I also had an idea for feeding. a fine powder sprinkled into the container after misting should make it stick and not so messy.


----------



## Brock (Jun 29, 2007)

Great idea,
I'm not sure exactly what kinda substrate you're gonna keep them on, but I'd suggest improving that design by putting some sphagnum moss in the bottom of each section there, packing it down so it's nice and tight, and then finding some way to secure it down so it doesn't fall out when the container is dumped upside down.

Maybe squeezing some mesh screen down in there, maybe a piece that's too big so it's kinda wedged in there, or shaped like a triangle or something. Maybe when you're making the container, you can put dry sphagnum in and then when the plaster is still wet you can press the screen down so it's kinda glued in there securely.

Then all ya gotta do is keep the sphagnum wet and feed them something simple like fish flakes, as the flakes will stick to the wet sphagnum and not fall out when it's tipped over.

Hope this idea works out.


----------



## Otis (Apr 16, 2006)

if the only reason you are doing this is to make them easier to feed to the frogs can't you just blow the sprigs in. thats what i do and it gets tons in.


----------



## markbudde (Jan 4, 2008)

> if the only reason you are doing this is to make them easier to feed to the frogs can't you just blow the sprigs in. thats what i do and it gets tons in.


No, the reason I am doing this is that I like to come up with complicated solutions to simple problems. :wink: Also, I would like to be able to dust them and treat them like flies, which are the easiest to work with, IMO. Plus I think I could get more efficient harvests with these and I have some longer term goals which will require the ability to harvest large numbers of clean bugs and quantify them.


----------



## Otis (Apr 16, 2006)

"complicated solutions to simple problems," i see. i guess thats kinda neat, but not really necessary. keep us updated though.


----------



## IN2DEEP (Aug 7, 2007)

Update? This sounds like a great idea. Anyone else give this a try?


----------



## markbudde (Jan 4, 2008)

I added about 15 springs shortly after setting it up and didn't see any offspring for about a week and a half. Now the hotel is teeming with immature springs, so I think if I give it another couple weeks I can harvest them. I think these guys are growing much slower at room temp than at 83F, where I examined their growth curves, so patience will be key. In the future I will seed my hotels with many more springs.


----------



## melissa68 (Feb 16, 2004)

Interesting.

Anyone who has removed wallpaper from REAL plaster walls can tell you, the plaster doesn't fall off the walls when it is wet for short periods of time. Extended exposure to water will cause issues, but it will fall off in chunks. 
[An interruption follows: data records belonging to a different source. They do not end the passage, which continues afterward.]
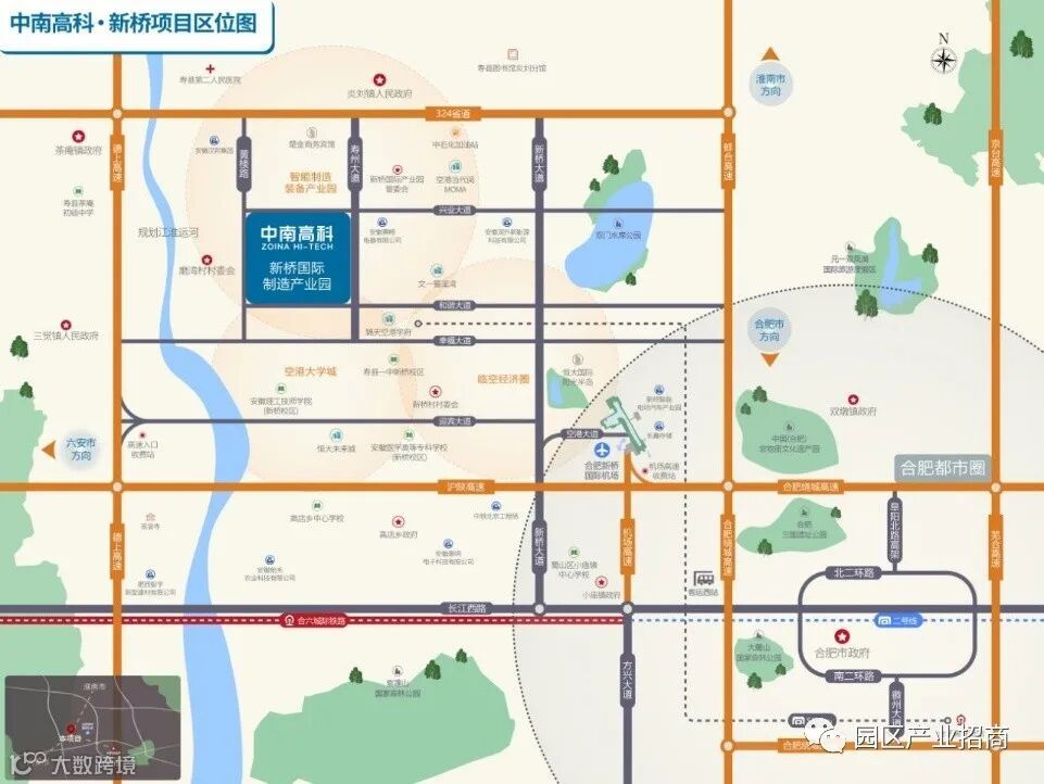 项目位于合肥城市副中心,合肥空港经济示范区核心区,是省级重点开发区并列入国家级开发区目录,充分享受省会合肥和新桥机场的辐射带动。
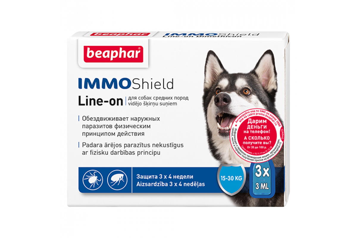 Beaphar Капли IMMO Shield Диметикон Line-on от паразитов для собак средних пород, от 1 до 15 кг Beaphar Не доступно
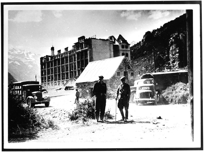 | Contenido: Se aprecia el estado del sanatorio de Pineta a la llegada de las tropas franquistas, tras haber sido incendiado el 14 de junio por el grupo de destrucciones de la 43 División. |
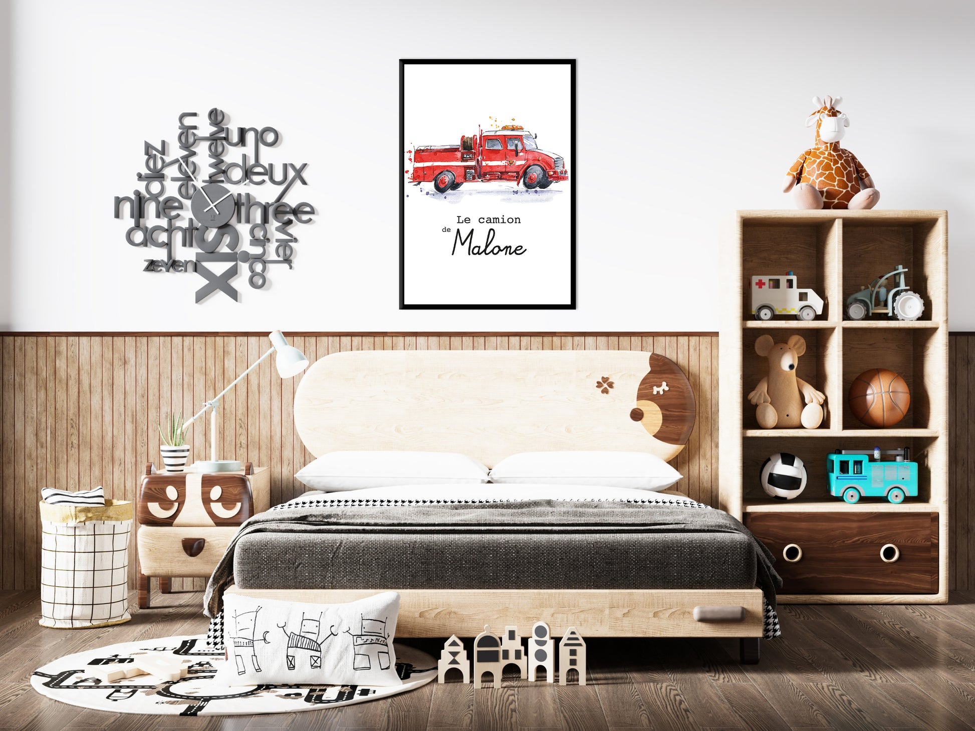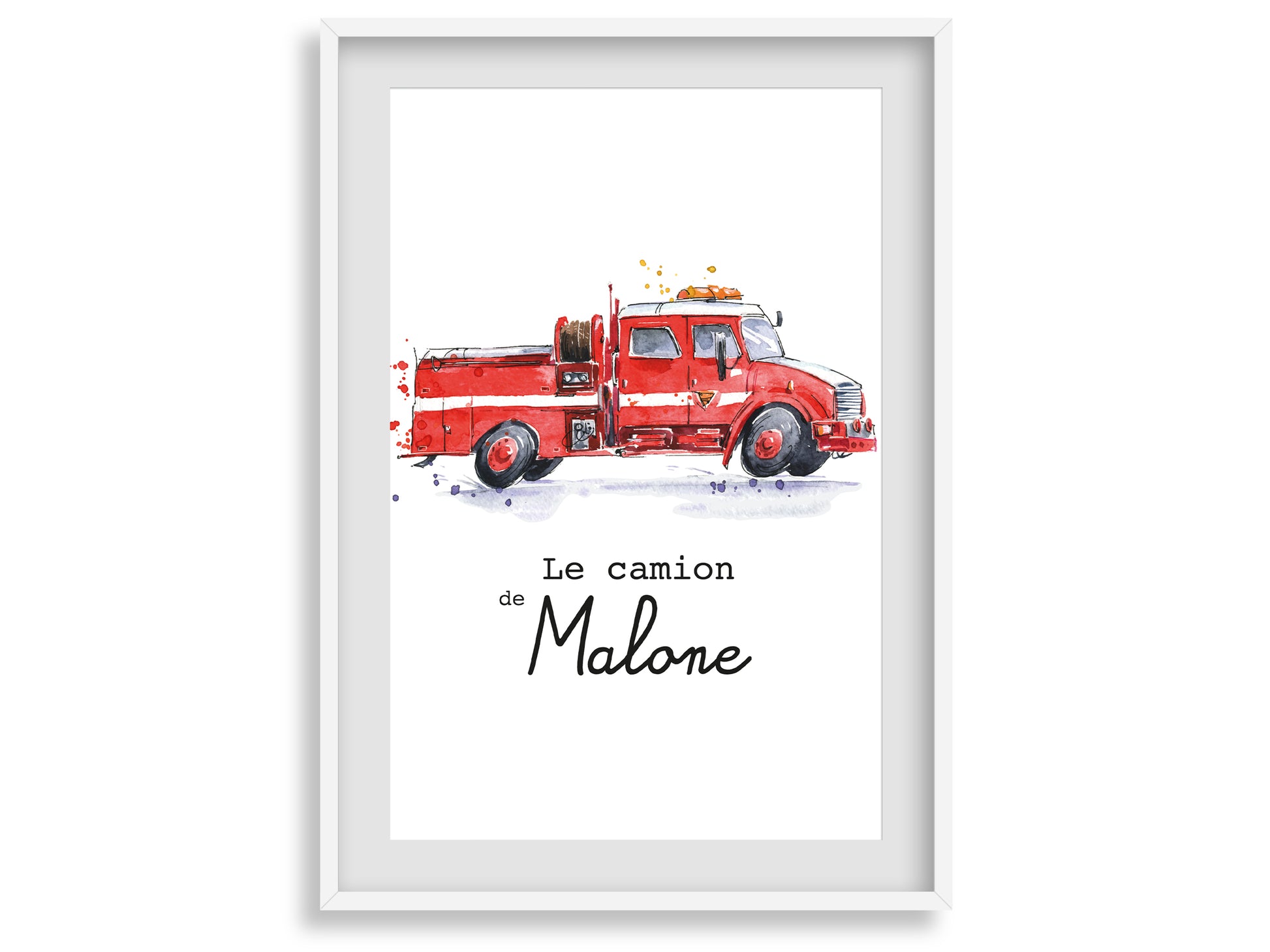 - Affiche personnalisée avec le prénom de votre enfant et un camion de pompier

All the coated cardboard is being used for is to increase surface area in the culture, not to feed the culture.


----------



## gary1218 (Dec 31, 2005)

Just curious if anybody else has tried this method yet?

Mark, how are the hotels working out? Are you getting a lot better production with the more surface area? There was an article posted on another thread using the plaster/charcoal mix where they got better production staying with just small 4oz containers.

I've got some activated charcoal powder on the way to give this a shot.


----------



## NathalieB (Apr 23, 2007)

I made 5 "plaster" cultures this weekend, so to early to have an opinion yet


----------



## markbudde (Jan 4, 2008)

I would suggest following the instructions in this post. I have been having some problem with mold (I think coming from the cardboard).


----------



## gary1218 (Dec 31, 2005)

markbudde said:


> I would suggest following the instructions in this post.


 Yep, that's the one I was referring to. Thanks.


----------



## NathalieB (Apr 23, 2007)

I read the other post. Thank you for sharing the information!
I don't have activated charcoal so these are just test-cultures to see if it would work without it.
I have made 3 with cardboard and 3 without. I used fairly small containers. I'm feeding them a paste made of yeast + naturose + water. This way the springtails turn red/pink and I can check the production of the cultures more easily. Also this paste sticks to the plaster so you can still shake the springtails out without shaking out the food.


----------



## markbudde (Jan 4, 2008)

I would also suggest adding a large number of springs to start the culture. Which kind are you using?


----------



## NathalieB (Apr 23, 2007)

I have no idea since over time my springtail cultures turned into mixes of at least 4 different kinds of springtails.
I did add what I think is a large amount, but that's very open for discussion ofcourse. What would you call a large number.
I will try to take pictures and post them. 
my springtails are doing great on peat, charcoal and wood-chips (not mixed, different cultures) but I'm always open to try new things that might even work better.


----------



## edwardsatc (Feb 17, 2004)

Got an update for us?


----------



## Beau (May 12, 2007)

I haven't been on the forums for quite a while but I try to keep things simpler... If I need to add springtails to a viv, I take about a cup of the coco fiber and put it in a planter basket and drop it into the viv. Frogs gather round, they eat, typically after the springtails get a foothold in a tank, they don't need any help keeping up their numbers though..


----------



## Invert (Aug 20, 2008)

Just to settle some debate on safety of calcium phosphate.
http://www.accessdata.fda.gov/scripts/cdrh/cfdocs/cfcfr/CFRSearch.cfm?fr=582.1217
This might help =)
(Googled Calcium phosphate FDA, gotta love how easy the internet makes research!)


----------



## PingKing (Sep 28, 2008)

I am really wondering if any of you had success with the hotels?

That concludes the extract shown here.